Ma Caracas, scrive Repubblica, vuole soltanto una cosa: “la legittimazione da parte dell’Occidente” ora che Maduro è stato rieletto presidente. E gli occhi sono puntati sull’Italia, in particolare dopo le parole durissime della premier Giorgia Meloni, che a ottobre – dunque dopo le elezioni che si sono tenute a luglio – ha ribadito di continuare a “condannare l’inaccettabile repressione del regime” in Venezuela “chiedendo la liberazione di tutti i prigionieri politici. Insieme alla Ue – aveva aggiunto – lavoriamo per la transizione democratica e pacifica nel paese”. In precedenza aveva poi dato il suo sostegno all’opposizione di Caracas e nel suo intervento all’Assemblea generale dell’Onu, a settembre, aveva ancora dichiarato: “La comunità internazionale non può rimanere a guardare mentre in Venezuela, a distanza di quasi due mesi dalle elezioni, ancora non è stato riconosciuto il risultato elettorale, ma nel frattempo si è consumata una brutale repressione, la morte di decine di manifestanti, l’arresto arbitrario di migliaia di oppositori politici, l’incriminazione e l’esilio del candidato presidente dell’opposizione democratica“, sostenendo il dovere della comunità internazionale di “alzare la voce”.
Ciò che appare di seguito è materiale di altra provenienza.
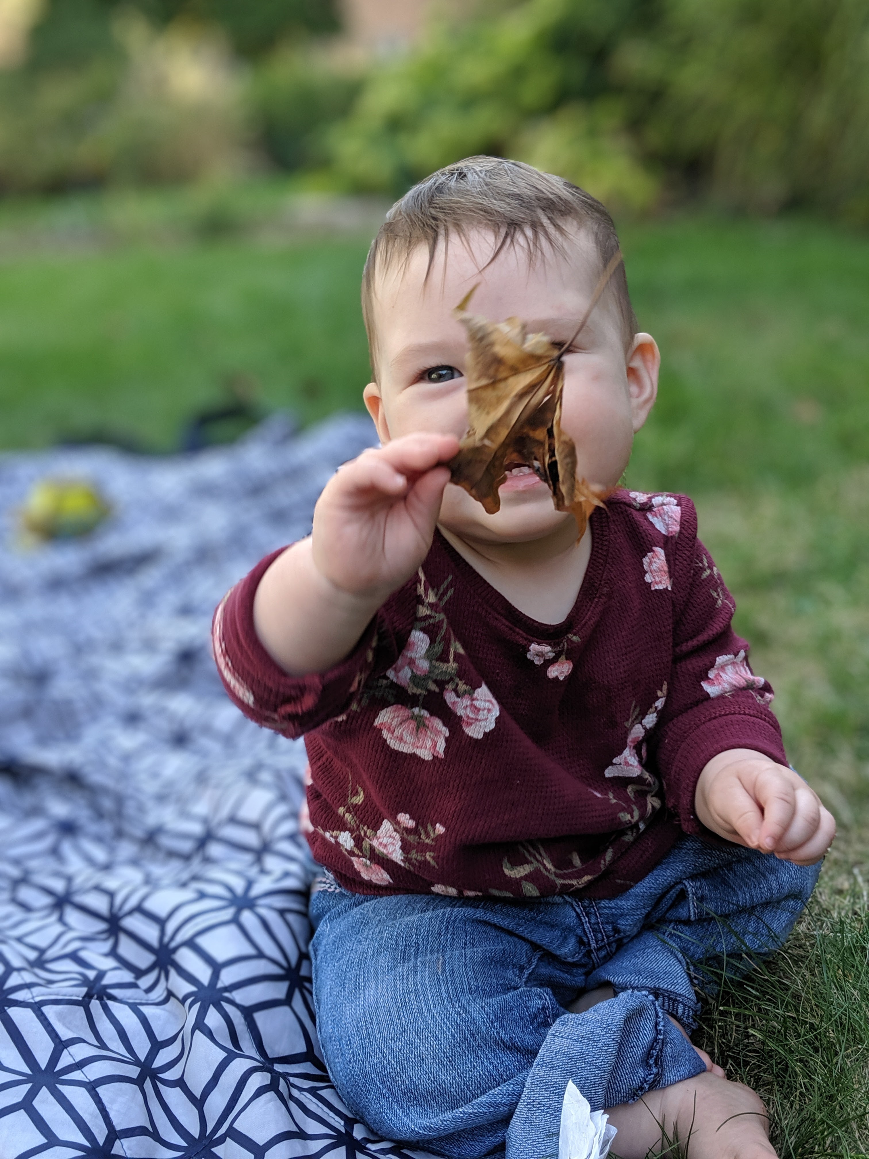 She is still learning to connect the meaning of the greeting with her physical ability to do it, so the sign gets used everywhere at the moment. In her high chair, tired of having blueberries and bell peppers? A frantic, fast, “hi hi hi hi hi hi hi GET ME OUT OF HERE, PLZ!” hand gesture. Waking up from a nap? A smile and the wave. You had the audacity to interrupt her playing for a verboten diaper change? You’ll get a betrayed look and a fast wave. The trees start swaying in the fall breeze, or a neighbor crosses the street with her tiny dog? A slow wave and a grin.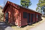 Körlogen (köra=drive;loge=a type of barn) is a former barn with doors large enough to let a horse cart in and out. The building was erect at Hedemora gammelgård in 1992-1994 and comes, like the härbre, from Skommargården in Ivarshyttan. | 60°17′4.8″N 15°58′39.5″E | Körlogen, Hedemora gammelgård |

Quello di Trentini, scrive ancora Repubblica, “non è un arresto per caso”. È stato fermato nello Stato di Apure, zona dove già in passato sono stati fermati altri cooperanti, accusati strumentalmente di spionaggio. Il cooperante è incensurato, non aveva nessun tipo di legame con gruppi politici. A finire nel mirino dell’intelligence di Maduro potrebbe essere stata la conoscenza di una ragazza che abita in Venezuela, con la quale era stato in Colombia a dicembre 2023 poi a gennaio e ad aprile 2024. Lei era anche venuta a trovarlo a Venezia la scorsa estate. Inoltre in passato Trentini aveva lavorato per il “Danish Refugee Council”, che in passato era finito nel mirino di Caracas con un cooperante arrestato. Dunque, i servizi possono avere unito questi elementi per considerare il 45enne italiano un sospetto. Ma si tratta di connessioni puramente strumentali, visto che Trentini “era in Venezuela per il suo lavoro e per portare assistenza alla popolazione”. Intanto dal ministero degli Esteri rassicurano non si tratti di ritorsione politica, mentre la tensione sul caso resta alta. E la mobilitazione su Alberto prosegue anche su una petizione su Change.org, che ha raccolto già decine di migliaia di adesioni.